*EXERCISE PROMPT*:
What you return must be the lines from the first one below through the one containing "Tato kamna nelze", exactly and with pictures excluded.

*RECORDS*:
━━━━━━━━━━━━━━━━━━━━━━━━━━━━━━

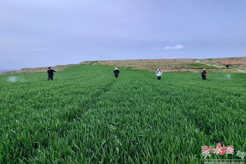 在汪川镇的田间地头,青绿的麦苗随地势铺展,风过之处绿浪起伏,焕发出勃勃生机。天水市艺鹏种养殖农民专业合作社的工人们背着喷雾器,在麦田中来回穿梭,均匀地将药液喷洒在麦苗上。与此同时,农技人员与种植户围蹲在田埂上,仔细查看麦苗长势、测量土壤墒情,现场指导施肥作业,确保管护措施落地见效。
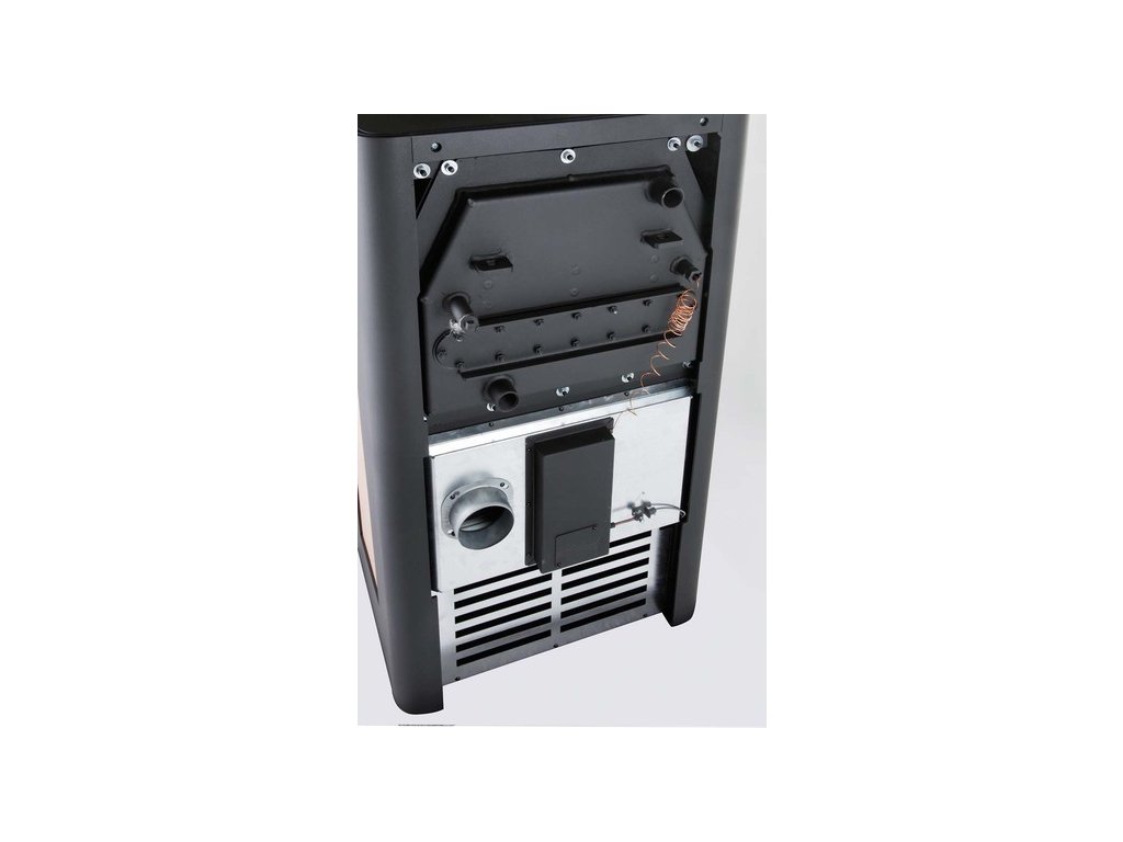Tato kamna nelze provozovat bez připojení k radiátorům nebo podlahovému topení. Teplovodní výměník slouží k ohřevu vody, která následně cirkuluje v topném systému. Pro zajištění správné funkce a bezpečnosti musí být kamna vždy napojena na topnou soustavu.
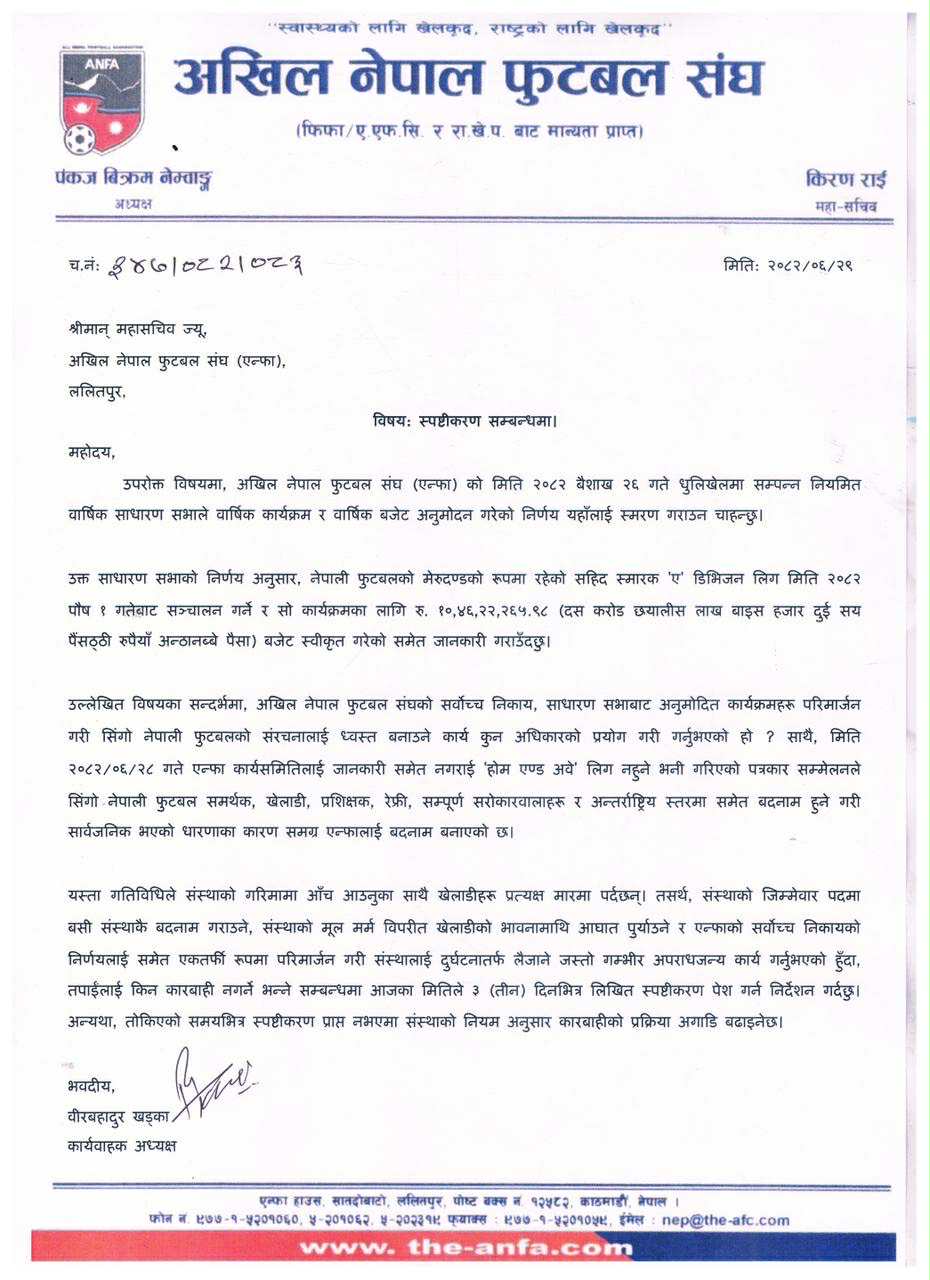 बुधबार पत्र लेख्दै खड्काले एन्फाको साधारण सभाबाट अनुमोदित भएको कार्यक्रम कार्यसमितिलाई नै जानकारी नगराई एकलौटी रुपमा पत्रकार सम्मेलन गरेर अर्को निर्णय गरेको भन्दै राईलाई स्पष्टीकरण माग्नुभएको हो ।
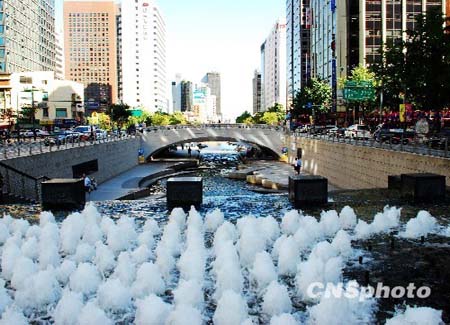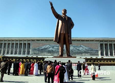 图为朝鲜平壤祖国战争胜利纪念塔广场、平壤万寿台金日成铜像、清溪川水边空间的瀑布、首尔的夜市-酒巴一条街。(图片来源:CNS)
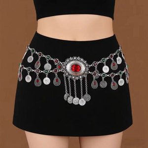 复古傣族风金属钱币腰链女可调节连衣裙腰封蝴蝶花朵流苏腰带配饰

━━━━━━━━━━━━━━━━━━━━━━━━━━━━━━

*TASK SOLUTION*:
 在汪川镇的田间地头,青绿的麦苗随地势铺展,风过之处绿浪起伏,焕发出勃勃生机。天水市艺鹏种养殖农民专业合作社的工人们背着喷雾器,在麦田中来回穿梭,均匀地将药液喷洒在麦苗上。与此同时,农技人员与种植户围蹲在田埂上,仔细查看麦苗长势、测量土壤墒情,现场指导施肥作业,确保管护措施落地见效。
Tato kamna nelze provozovat bez připojení k radiátorům nebo podlahovému topení. Teplovodní výměník slouží k ohřevu vody, která následně cirkuluje v topném systému. Pro zajištění správné funkce a bezpečnosti musí být kamna vždy napojena na topnou soustavu.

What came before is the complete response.